[INFORMATION PROVIDED]

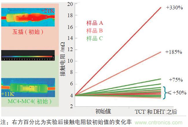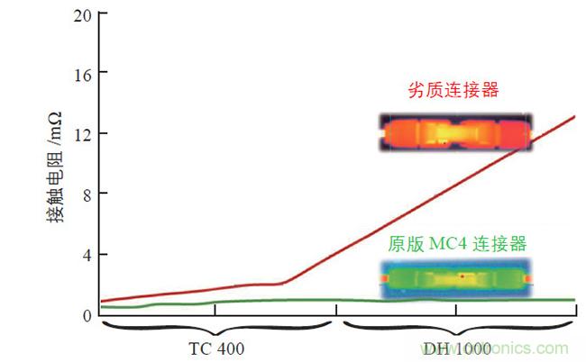 從光伏連接器的外觀和質(zhì)感可大致了解該產(chǎn)品的外形設(shè)計及絕緣材料的選擇。但是,評價光伏連接器好壞的核心指標(biāo)是公母連接器對插之后的接觸電阻。一個高質(zhì)量的連接器須具有很低的接觸電阻,并能夠長期維持這種低接觸電阻狀態(tài)。根據(jù)光伏連接器最新國際標(biāo)準(zhǔn)IEC 62852,公母對插后的接觸電阻在TC200+DH1000 測試后,增量不能大于5 mΩ或者電阻終值小于初始值的150%。而這僅是最低要求,不同廠商連接器的接觸電阻值取決于制造商的技術(shù)水平。對于如何評判接觸電阻,TC400(2×TC200)和DH1000 實驗提供了一個解讀方向。圖2 為實驗比較后的結(jié)果,由圖2 可知,高質(zhì)量的光伏連接器的接觸電阻非常穩(wěn)定,這主要得益于其所使用的電連接技術(shù)。因此,客戶在選擇光伏連接器時,須對其所使用的核心技術(shù)進(jìn)行全面的了解。
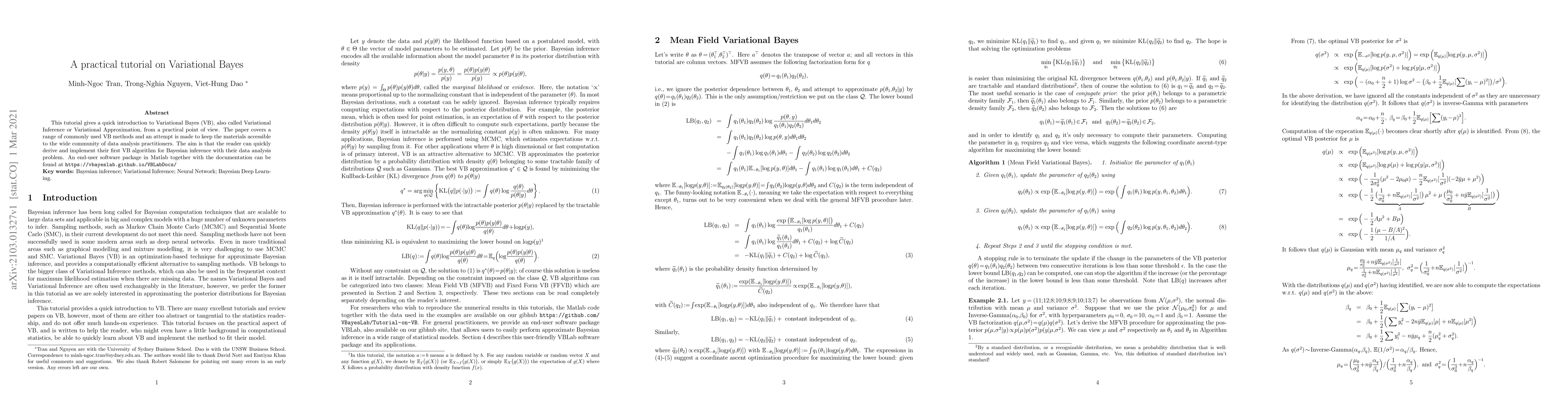 This tutorial gives a quick introduction to Variational Bayes (VB), also called Variational Inference or Variational Approximation, from a practical point of view. The paper covers a range of commonly used VB methods and an attempt is made to keep the materials accessible to the wide community of data analysis practitioners. The aim is that the reader can quickly derive and implement their first VB algorithm for Bayesian inference with their data analysis problem. An end-user software package in Matlab together with the documentation can be found at https://vbayeslab.github.io/VBLabDocs/
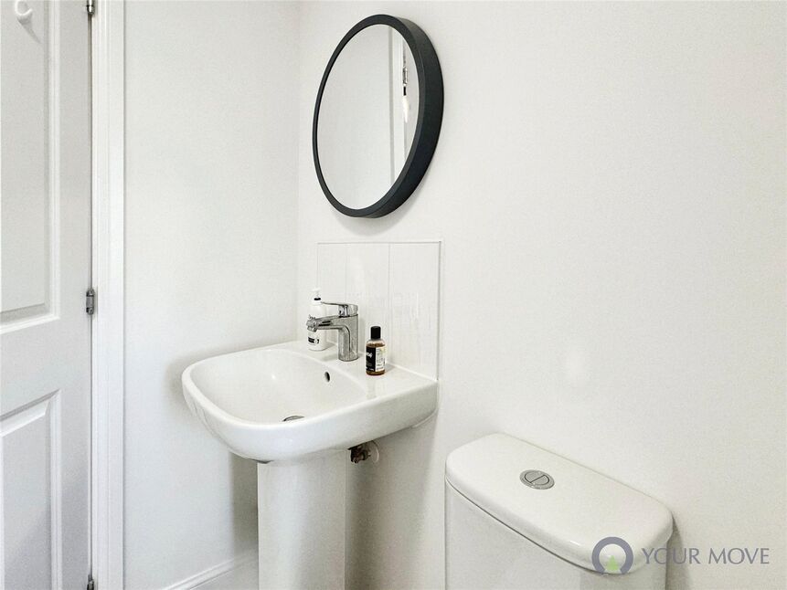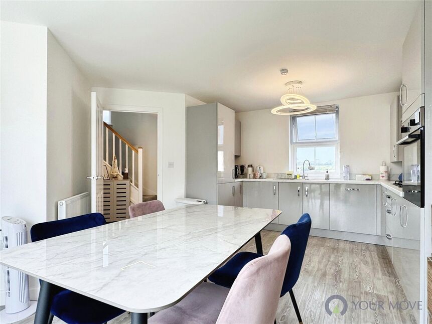 This recently constructed, detached three-bedroom family home, built by David Wilson Homes, is available with no onward chain. The property features a dual aspect living room, an open-plan kitchen and dining area with integrated appliances, a downstairs cloakroom/WC, three spacious bedrooms with an en-suite shower room to the master, a family bathroom, a rear garden, and a driveway.
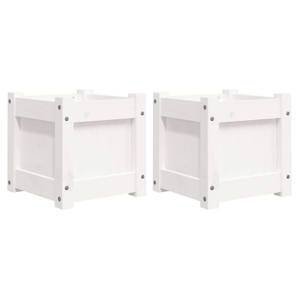 vidaXL Vrtno cvetlično korito 2 kosa bela trdna borovina
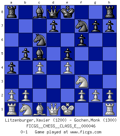 Last move : 0-1 2007 August 2 7:50:11 [Event "FICGS__CHESS__CLASS_E__000046"] [Site "FICGS"] [Date "2007.04.22"] [Round "1"] [White "Litzenburger,Xavier"] [Black "Gochen,Monk"] [Result "0-1"] [WhiteElo "1200"] [BlackElo "1300"] 1.e4 e5 2.Nf3 f6 3.Bc4 Nh6 4.c3 c6 5.d4 b5 6.Bb3 a5 7.d5 a4 8.dxc6 Nxc6 9.Bf7+ Nxf7 10.c4 Bc5 0-1 Damiano's defense Player Black won this chess game. Follow this game move after move (download)Before the endgame, the Gods have placed the middle game. (Siegbert Tarrasch) Die Jungen erwarten, dass Opa einfach umfällt. Dann aber kann Opa fünf Stunden lang Schach spielen und die jungen Gegner an die Wand drücken. (Viktor Kortschnoi) Morphy probablemente fue el genio más grande de todos. (Bobby Fischer) Le joueur d'Echecs qui veut atteindre le top est obligé de développer son propre credo créatif. Alexeï Stepanovicth Souétine. Il est facile d'écrire des livres ! Ce qui est difficile, c'est de jouer ! (Alexeï Stepanovicth Souétine) Whoever said the pen is mightier than the sword obviously never encountered automatic weapons. (US General Douglas MacArthur)
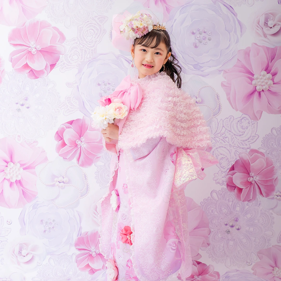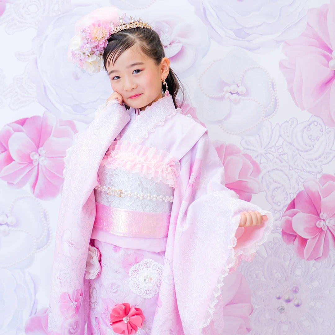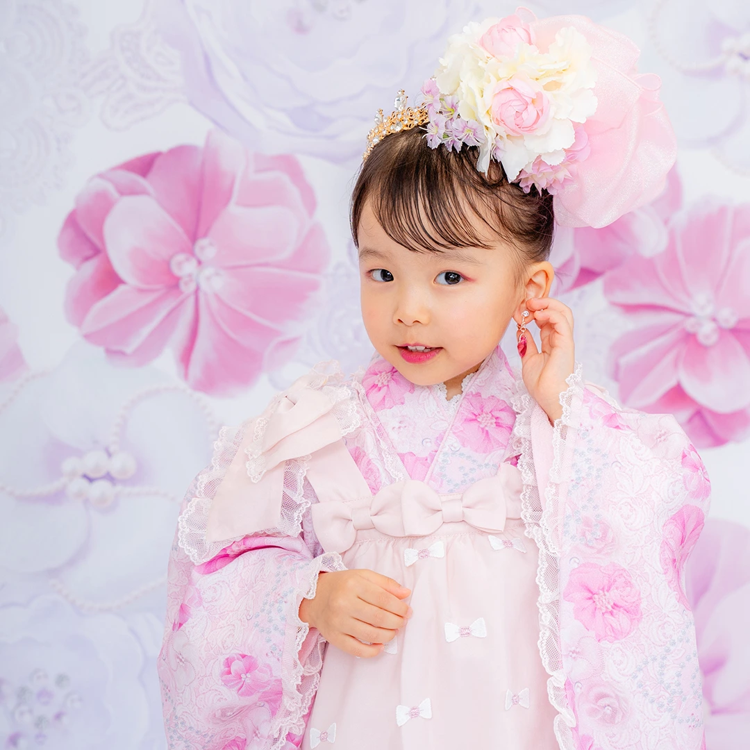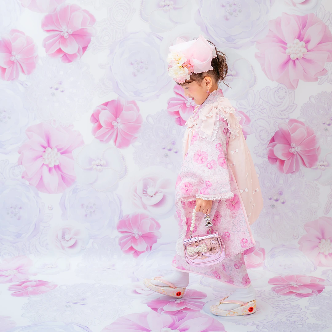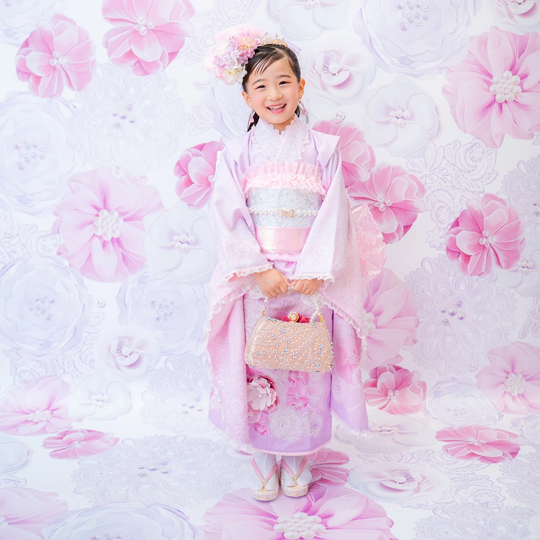 7歳モデルが着用しているメゾ ピアノ着物(7歳)フローラルエレガンス(衣装番号63008)
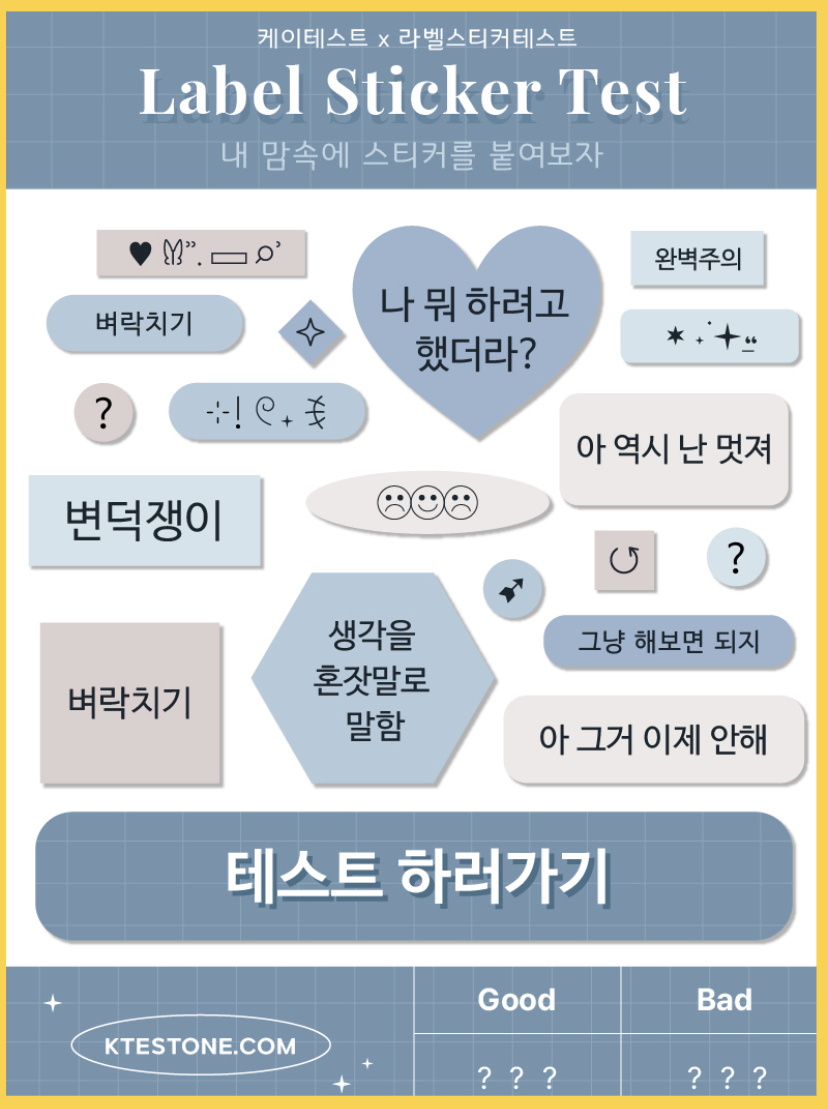 라벨스티커 테스트 mbti는 케이테스트에서 만든 최신 테스트입니다. 3분 정도면 간단하게 테스트를 해 볼 수 있습니다. 많은 인기를 누리고 있는 만큼 많은분들이 테스트에 도전해보고 있는데요. 그럼 테스트 시작해 보겠습니다.
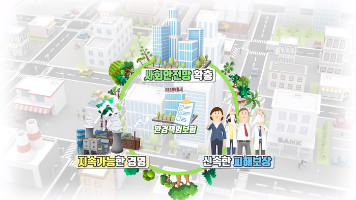 | ▲ 환경책임보험은 환경오염사고시 신속. 공정한 피해자 보상과 사고기업의 지속경영을 지원하여 사회안전망을 구축한다. |
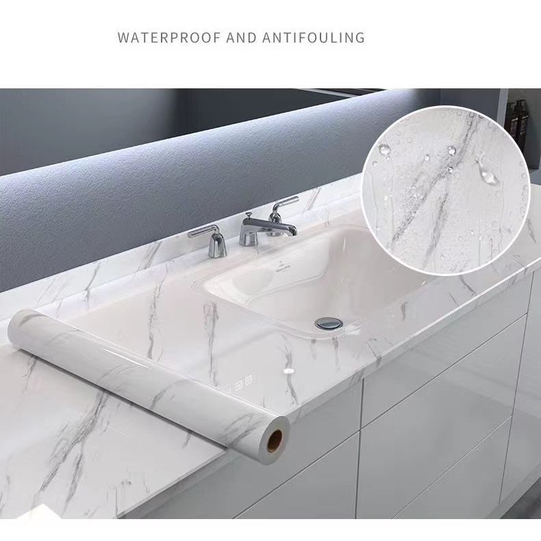 10M Kitchen Wall Stickers Oil-proof DIY Self Adhesive Wallpaper Bathroom Waterproof PVC Floor Stickers Cabinet Countertops Table Waterproof Sticker Marble Wallpaper
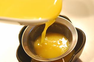 (用筛网过筛两遍,去掉蛋液中的空气。)
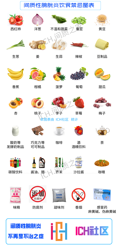 重庆王亮医生团队建议间质膀胱炎病友严格按照饮食图表管理自己的饮食,合理饮食能够在第三代鸡尾酒疗法灌注治疗中起到非常重要的辅助作用,ICH间质之家团队在10余年不懈研究中,总结了“间质膀胱炎饮食禁忌图表”建议大家收藏。
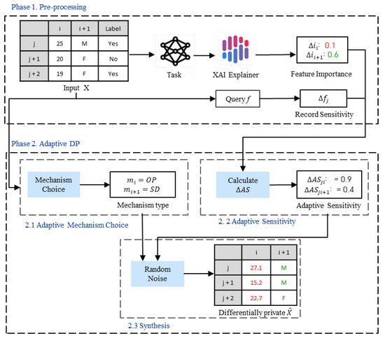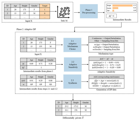 In Figure 2, we show an example that describes the overall operation of the proposed task-specific adaptive DP method for structured data. In phase 1, for the given input data X, feature importance for each attribute i and record sensitivity for the jth record are computed. In phase 2, after we choose the differential private mechanism and calculate adaptive sensitivity using the given and , we generate the noisy data .

[/INFORMATION PROVIDED]

## [TASK ITEM]
The answer consists solely of the lines from the one holding "7歳モデルが着用しているメゾ" through the last line of the entries above, set down verbatim, without any pictures.

## [TASK OUTPUT]
 7歳モデルが着用しているメゾ ピアノ着物(7歳)フローラルエレガンス(衣装番号63008)
 라벨스티커 테스트 mbti는 케이테스트에서 만든 최신 테스트입니다. 3분 정도면 간단하게 테스트를 해 볼 수 있습니다. 많은 인기를 누리고 있는 만큼 많은분들이 테스트에 도전해보고 있는데요. 그럼 테스트 시작해 보겠습니다.
 | ▲ 환경책임보험은 환경오염사고시 신속. 공정한 피해자 보상과 사고기업의 지속경영을 지원하여 사회안전망을 구축한다. |
 10M Kitchen Wall Stickers Oil-proof DIY Self Adhesive Wallpaper Bathroom Waterproof PVC Floor Stickers Cabinet Countertops Table Waterproof Sticker Marble Wallpaper
 (用筛网过筛两遍,去掉蛋液中的空气。)
 重庆王亮医生团队建议间质膀胱炎病友严格按照饮食图表管理自己的饮食,合理饮食能够在第三代鸡尾酒疗法灌注治疗中起到非常重要的辅助作用,ICH间质之家团队在10余年不懈研究中,总结了“间质膀胱炎饮食禁忌图表”建议大家收藏。
 In Figure 2, we show an example that describes the overall operation of the proposed task-specific adaptive DP method for structured data. In phase 1, for the given input data X, feature importance for each attribute i and record sensitivity for the jth record are computed. In phase 2, after we choose the differential private mechanism and calculate adaptive sensitivity using the given and , we generate the noisy data .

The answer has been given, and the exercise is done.